|
Marcus de la Fleur's design for a residence using native plants prompts the question: does using natives in wild patterns help or hurt the native plant movement? Image by Marcus de la Fleur |
I have a conflicted relationship with wildness.
When I think about the sea of lawns and generic plantings that dominate our built landscapes, when I reflect on how quickly our native woodlands are disappearing, I yearn for more wildness. In many ways, our landscapes are too tidy. Our shrubs are too clipped, our lawns too manicured, our planted spaces too restrained. Despite recent progress with more sustainable gardens, the McLandscape is still the dominant form in our country.
|
"Yard of the Month" |
Just to get a sense of what’s considered beautiful in our country, try this experiment: do a Google image search for the
phrase “yard of the month.” The aesthetic is clear: tightly clipped evergreens smashed up against the house, an endless expanse of weedless lawns, and—for landscapes with a special flourish—a floating bed on annuals around the mailbox or a tree.
So in this context, wildness is desirable. How liberating is it to banish lawn altogether from one’s yard? How delightful is a project like the Highline that has an elevated meadow that winds between skyscrapers? How welcome are spontaneous, self-seeding wildflowers in an institutional landscape? Wildness adds an element of drama and dynamism sorely needed in our landscapes.

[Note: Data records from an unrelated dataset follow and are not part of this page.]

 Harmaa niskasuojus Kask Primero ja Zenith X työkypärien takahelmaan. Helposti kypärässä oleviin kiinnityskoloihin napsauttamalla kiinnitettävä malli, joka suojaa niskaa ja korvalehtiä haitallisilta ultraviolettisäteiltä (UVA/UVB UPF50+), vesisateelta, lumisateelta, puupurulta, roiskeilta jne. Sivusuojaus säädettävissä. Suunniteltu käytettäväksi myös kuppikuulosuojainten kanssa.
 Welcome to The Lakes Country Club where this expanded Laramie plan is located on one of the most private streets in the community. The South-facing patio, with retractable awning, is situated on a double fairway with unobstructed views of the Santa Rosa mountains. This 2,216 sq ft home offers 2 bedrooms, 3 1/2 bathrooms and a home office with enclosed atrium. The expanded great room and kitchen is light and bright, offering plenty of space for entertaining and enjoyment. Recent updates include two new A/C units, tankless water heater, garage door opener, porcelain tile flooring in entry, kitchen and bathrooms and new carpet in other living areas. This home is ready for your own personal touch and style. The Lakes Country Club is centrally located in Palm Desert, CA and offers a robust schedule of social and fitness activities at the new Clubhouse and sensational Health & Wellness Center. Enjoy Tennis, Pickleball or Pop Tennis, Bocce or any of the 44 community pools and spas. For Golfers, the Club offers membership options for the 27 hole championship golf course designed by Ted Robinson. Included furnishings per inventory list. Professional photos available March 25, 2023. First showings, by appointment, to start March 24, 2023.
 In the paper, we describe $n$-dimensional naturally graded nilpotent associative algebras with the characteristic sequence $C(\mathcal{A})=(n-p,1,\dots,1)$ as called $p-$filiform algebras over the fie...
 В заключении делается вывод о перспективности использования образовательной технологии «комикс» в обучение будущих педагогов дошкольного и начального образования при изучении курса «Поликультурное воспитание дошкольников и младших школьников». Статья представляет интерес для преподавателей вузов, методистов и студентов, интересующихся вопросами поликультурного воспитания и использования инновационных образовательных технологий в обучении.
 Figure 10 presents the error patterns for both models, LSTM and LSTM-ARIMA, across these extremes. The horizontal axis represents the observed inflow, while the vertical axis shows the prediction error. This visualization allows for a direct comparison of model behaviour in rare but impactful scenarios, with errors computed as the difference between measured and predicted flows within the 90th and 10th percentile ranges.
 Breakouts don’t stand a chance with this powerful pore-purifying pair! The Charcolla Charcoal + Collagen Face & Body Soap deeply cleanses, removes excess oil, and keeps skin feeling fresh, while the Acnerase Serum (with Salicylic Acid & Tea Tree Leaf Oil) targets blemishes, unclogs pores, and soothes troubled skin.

While I praise wildness on the one hand, I am concerned that it has become the de rigueur of native gardens these days. It is as if a native garden, by definition, must be wild and sprawling. To create a native garden is not only a statement against exotic plants, but it is a statement against traditional garden forms altogether. Almost all of the sustainable landscape techniques, including rain gardens, bioswales, and green roofs—have adopted a wild aesthetic.
So what, you might ask? Don’t we want to import not only native plants to our built landscapes, but the patterns and forms of our native landscapes? Yes, but I want native gardens to embrace a diversity of design styles. I have a couple of problems with a “natural only” look.
|
An advertisement for native planting, or an argument against it? Rain Garden. Photo and design by Marcus de la Fleur |
First, designing a garden or landscape with a wild look takes quite a bit of effort and planning. There’s a difference between a carefully crafted wild look and sloppy planting design. Too often, sustainable landscapes emphasize plant selection at the expense of overall composition. Plants are not massed, so they don’t have visual impact. Small wildflowers are placed next to towering prairie plants, creating a chaotic scene. Lines, form, and order are banished, so all sense of relationship to existing structures is lost. Herbaceous plants are often placed too far apart. In our effort to imitate nature, we’ve turned our back on the forms and meaning of 4,000 years of garden history.